Celery
Celery is an asynchronous task queue/job queue based on distributed message passing. It is focused on real-time operation, but supports scheduling as well.
The execution units, called tasks, are executed concurrently on a single or more worker servers using multiprocessing, Eventlet, or gevent. Tasks can execute asynchronously (in the background) or synchronously (wait until ready).
Task Queue
Task queues are used as a mechanism to distribute work across threads or machines.
A task queue's input is a unit of work, called a task, dedicated worker processes then constantly monitor the queue for new work to perform.
Celery communicates via messages, usually using a broker to mediate between clients and workers. To initiate a task a client puts a message on the queue, the broker then delivers the message to a worker.
A Celery system can consist of multiple workers and brokers, giving way to high availability and horizontal scaling.
Celery is written in Python, but the protocol can be implemented in any language. In addition to Python there's node-celery for Node.js, and a PHP client.
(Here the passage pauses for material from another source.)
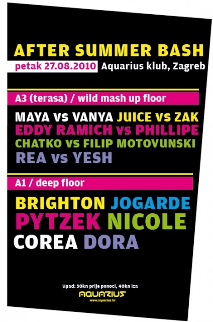 Cijeli Aquarius postat će velika plesna pozornica na kojoj će svoje umijeće pokazati najznačajniji i najaktualniji hrvatski DJ-i! Baš kao u dobra stara vremena naći će se tu pomalo od dnb-a, fidget housa, dubstepa, deep housa, breaksa, dancehalla, UK funkyja, za svakoga po nešto. Zašto kraj ljeta i povratak obvezama ne biste obilježili „đuskajući" na najjačem zagrebačkom plesnjaku - na dance podiju kluba Aquarius.

Language interoperability can also be achieved by using webhooks in such a way that the client enqueues an URL to be requested by a worker.
Brokers
- RabbitMQ
- Redis
- Amazon SQS
- The recommended message brokers are RabbitMQ or Redis.
Concurrency
Result Stores
- AMQP, Redis
- Memcached,
- SQLAlchemy, Django ORM
- Apache Cassandra, Elasticsearch, Riak
- MongoDB, CouchDB, Couchbase, ArangoDB
- Amazon DynamoDB, Amazon S3
- Microsoft Azure Block Blob, Microsoft Azure Cosmos DB
- File system
Serialization
- pickle, json, yaml, msgpack.
- zlib, bzip2compression.
- Cryptographic message signing.
States
- celery.states.FAILURE = 'FAILURE' - Task failed
- celery.states.PENDING = 'PENDING' - Task state is unknown (assumed pending since you know the id).
- celery.states.RECEIVED = 'RECEIVED' - Task was received by a worker (only used in events).
- celery.states.RETRY = 'RETRY' - Task is waiting for retry.
- celery.states.REVOKED = 'REVOKED' - Task was revoked.
- celery.states.STARTED = 'STARTED' - Task was started by a worker (task_track_started).
- celery.states.SUCCESS = 'SUCCESS' - Task succeeded
- celery.states.precedence(state: str) → int - Get the precedence index for state.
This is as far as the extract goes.